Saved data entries
──────────────────────────────

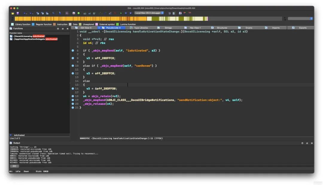 0000000001A3AD3F aDocsuibridgesu db 'DocsUIBridgeSubscriptionActivatedNotification',0复制代码 隐藏代码 char __cdecl -[DocsUILicensing isActivated](DocsUILicensing *self, SEL a2)
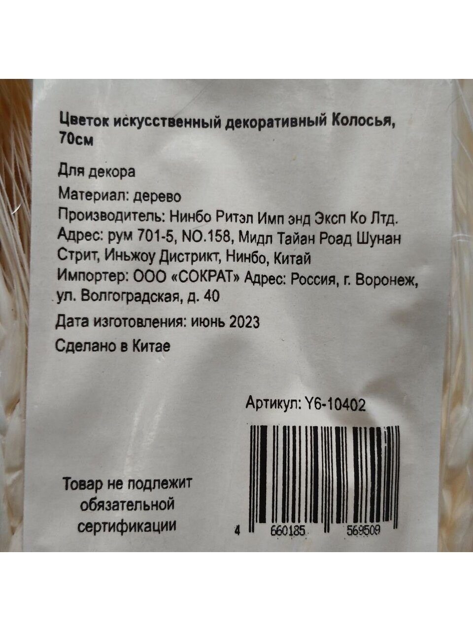 Вы можете приобрести «Цветок искусственный декоративный Колосья, 70 см, песочный, Y6-10402» и другие товары в нашем интернет-магазине в Ельце по низким ценам и с бесплатным самовывозом.
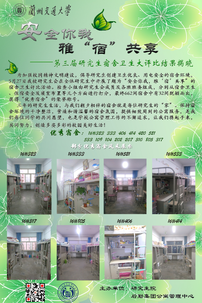 为落实学校“校园安全环境整治月”的阶段工作安排,增强研究生安全防范意识,5月27日,研究生院、后勤集团公寓管理中心联合开展了以“安全你我,雅‘宿’共享”为主题的第三届研究生宿舍卫生评比活动,对全校研究生宿舍进行了检查。
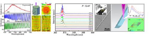 1)利用碳热还原合成技术,实验上首次实现垂直配置的一维ZnO法布里-珀罗腔,有效解决了传统平行配置的一维线状、带状微腔的额外光损失过大问题,并成功实现了室温下的紫外激射。该结果为未来微腔基紫外激光器的设计和应用奠定了前期实验基础,得到了审稿人高度评价,研究结果《Journal of Material Chemistry》上发表[J. Mater. Chem,22, 3069-3074(2012),影响因子6.101];
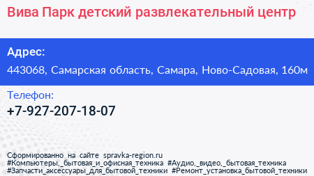 Вива Парк, детский развлекательный центр по адресу 443068, Самарская область, Самара, Ново-Садовая, 160м в дальнейшем Организация, размещена в следующих категориях:
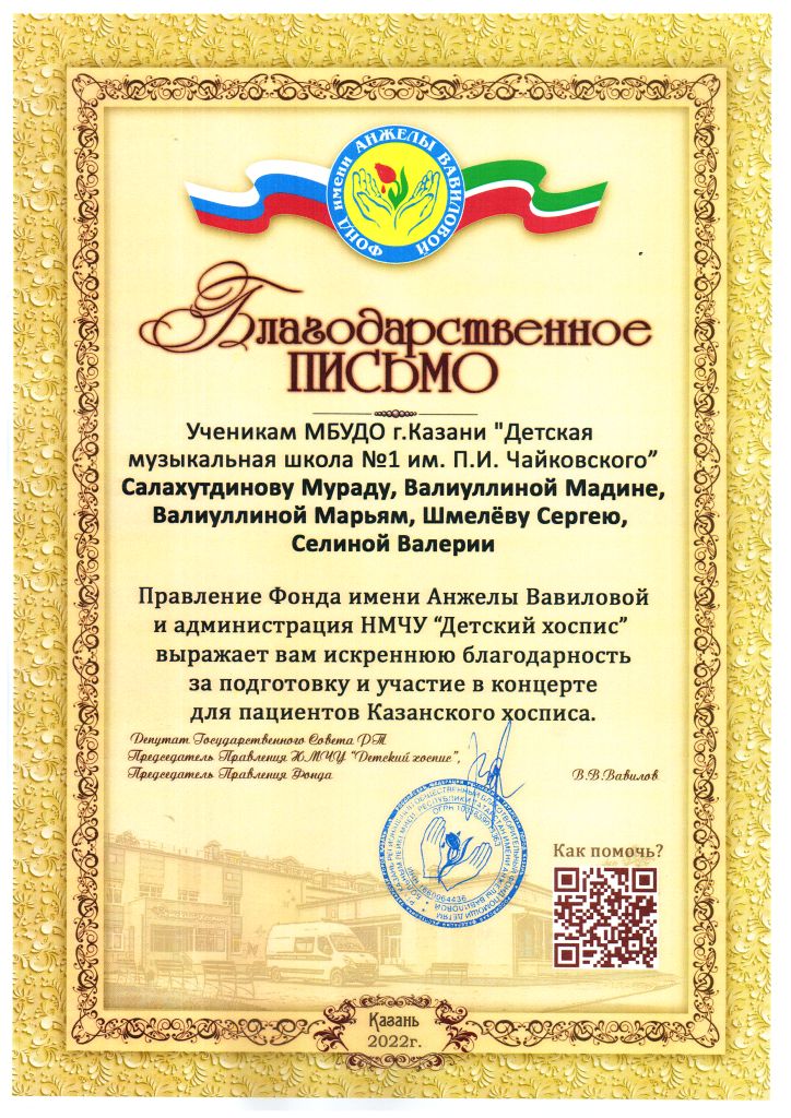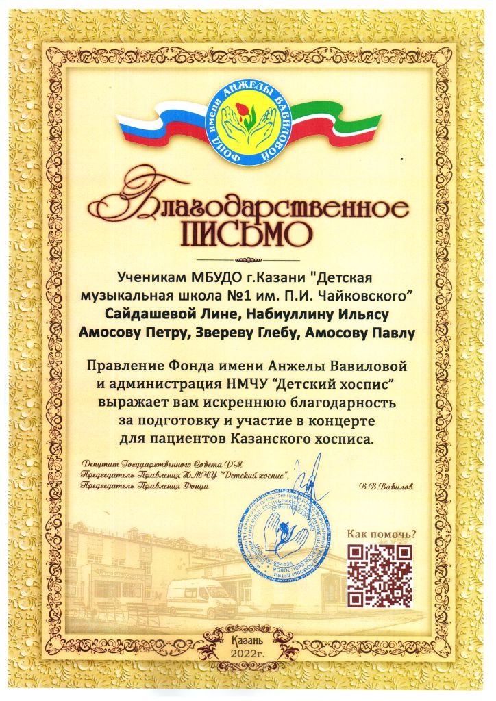 Правление Фонда имени Анжелы Вавиловой и администрация НМЧУ "Детский хоспис" - Благодарность Сайдашевой Л., Набиуллину И., Звереву Г., Амосовым Петру и Павлу;
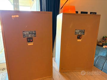 Vendo coppia di diffusori Hitachi HS-33, autentico hi-fi vintage giapponese anni ’80, costruzione solida e suono potente e caldo. Caratteristiche tecniche •Impedenza: 8 Ohm •Potenza nominale: 70W •Potenza massima: 140W •Sistema a 2 vie con: •Woofer grande ad alta escursione •Tweeter a tromba (horn) •Controllo frontale livello tweeter regolabile •Made in Japan ✅ Perfettamente funzionanti •✅ Woofer originali in buono stato •⚠️ Cupola centrale leggermente ammaccata (solo estetica, non influisce sul suono) •⚠️ Segni di usura sul mobile (visibili in foto) •⚠️ Parte posteriore con segni del tempo Nel complesso condizioni buone per l’età Qualità audio Suono tipico vintage: •bassi profondi e corposi •medi caldi •alti brillanti (regolabili) Perfette per: •vinile •musica rock, jazz, anni ‘70/‘80 •impianti hi-fi vintage Note •Vendute in coppia •Nessuna modifica, tutto originale •Preferibile ritiro a mano (sono pesanti) Prezzo 90 € trattabili
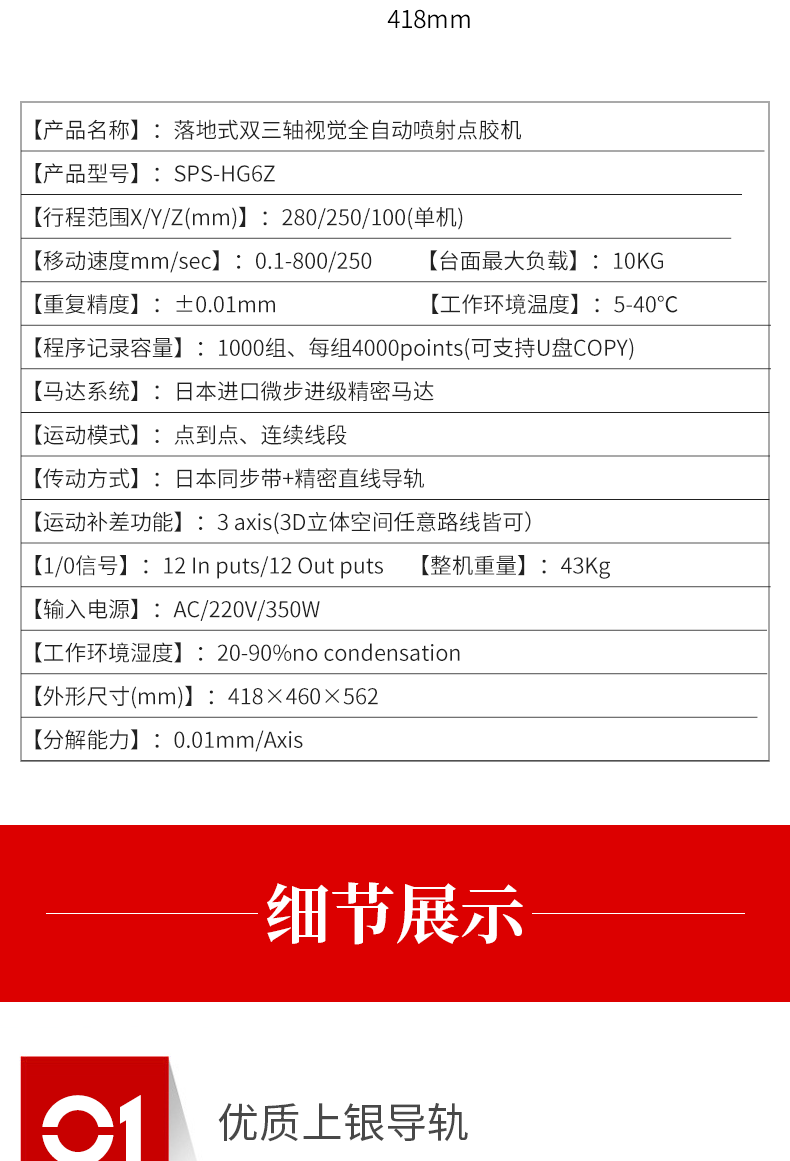 > 雙三軸落地式視覺點膠機SPS-HG6Z
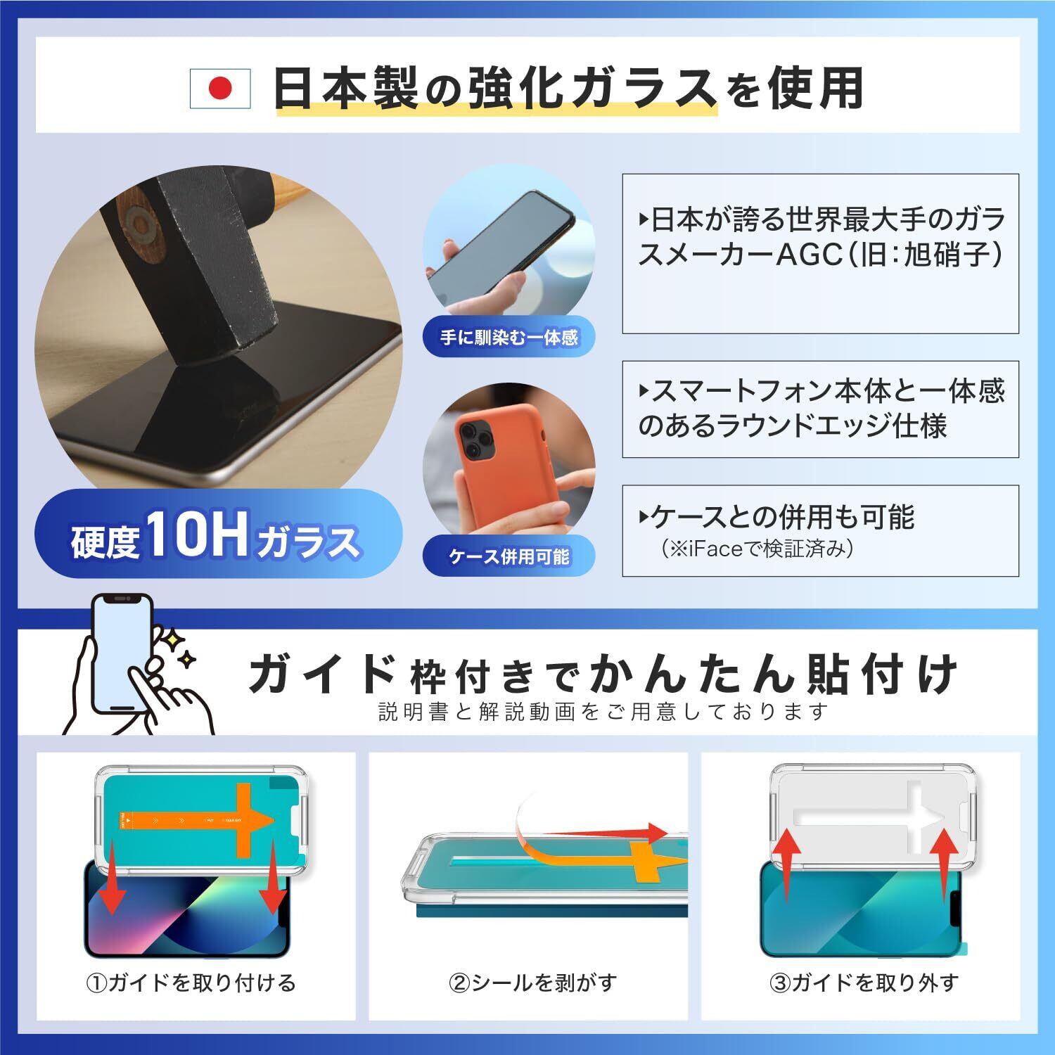 Agrado ガラスフィルム iPhone14 用 ブルーライトカット 保護フィルム いphone14 10H 強化ガラス

──────────────────────────────

Work instructions: A faithful copy is needed: reproduce all of the data above, leaving the pictures out.

Exercise answer:
 0000000001A3AD3F aDocsuibridgesu db 'DocsUIBridgeSubscriptionActivatedNotification',0复制代码 隐藏代码 char __cdecl -[DocsUILicensing isActivated](DocsUILicensing *self, SEL a2)
 Вы можете приобрести «Цветок искусственный декоративный Колосья, 70 см, песочный, Y6-10402» и другие товары в нашем интернет-магазине в Ельце по низким ценам и с бесплатным самовывозом.
 为落实学校“校园安全环境整治月”的阶段工作安排,增强研究生安全防范意识,5月27日,研究生院、后勤集团公寓管理中心联合开展了以“安全你我,雅‘宿’共享”为主题的第三届研究生宿舍卫生评比活动,对全校研究生宿舍进行了检查。
 1)利用碳热还原合成技术,实验上首次实现垂直配置的一维ZnO法布里-珀罗腔,有效解决了传统平行配置的一维线状、带状微腔的额外光损失过大问题,并成功实现了室温下的紫外激射。该结果为未来微腔基紫外激光器的设计和应用奠定了前期实验基础,得到了审稿人高度评价,研究结果《Journal of Material Chemistry》上发表[J. Mater. Chem,22, 3069-3074(2012),影响因子6.101];
 Вива Парк, детский развлекательный центр по адресу 443068, Самарская область, Самара, Ново-Садовая, 160м в дальнейшем Организация, размещена в следующих категориях:
 Правление Фонда имени Анжелы Вавиловой и администрация НМЧУ "Детский хоспис" - Благодарность Сайдашевой Л., Набиуллину И., Звереву Г., Амосовым Петру и Павлу;
 Vendo coppia di diffusori Hitachi HS-33, autentico hi-fi vintage giapponese anni ’80, costruzione solida e suono potente e caldo. Caratteristiche tecniche •Impedenza: 8 Ohm •Potenza nominale: 70W •Potenza massima: 140W •Sistema a 2 vie con: •Woofer grande ad alta escursione •Tweeter a tromba (horn) •Controllo frontale livello tweeter regolabile •Made in Japan ✅ Perfettamente funzionanti •✅ Woofer originali in buono stato •⚠️ Cupola centrale leggermente ammaccata (solo estetica, non influisce sul suono) •⚠️ Segni di usura sul mobile (visibili in foto) •⚠️ Parte posteriore con segni del tempo Nel complesso condizioni buone per l’età Qualità audio Suono tipico vintage: •bassi profondi e corposi •medi caldi •alti brillanti (regolabili) Perfette per: •vinile •musica rock, jazz, anni ‘70/‘80 •impianti hi-fi vintage Note •Vendute in coppia •Nessuna modifica, tutto originale •Preferibile ritiro a mano (sono pesanti) Prezzo 90 € trattabili
 > 雙三軸落地式視覺點膠機SPS-HG6Z
 Agrado ガラスフィルム iPhone14 用 ブルーライトカット 保護フィルム いphone14 10H 強化ガラス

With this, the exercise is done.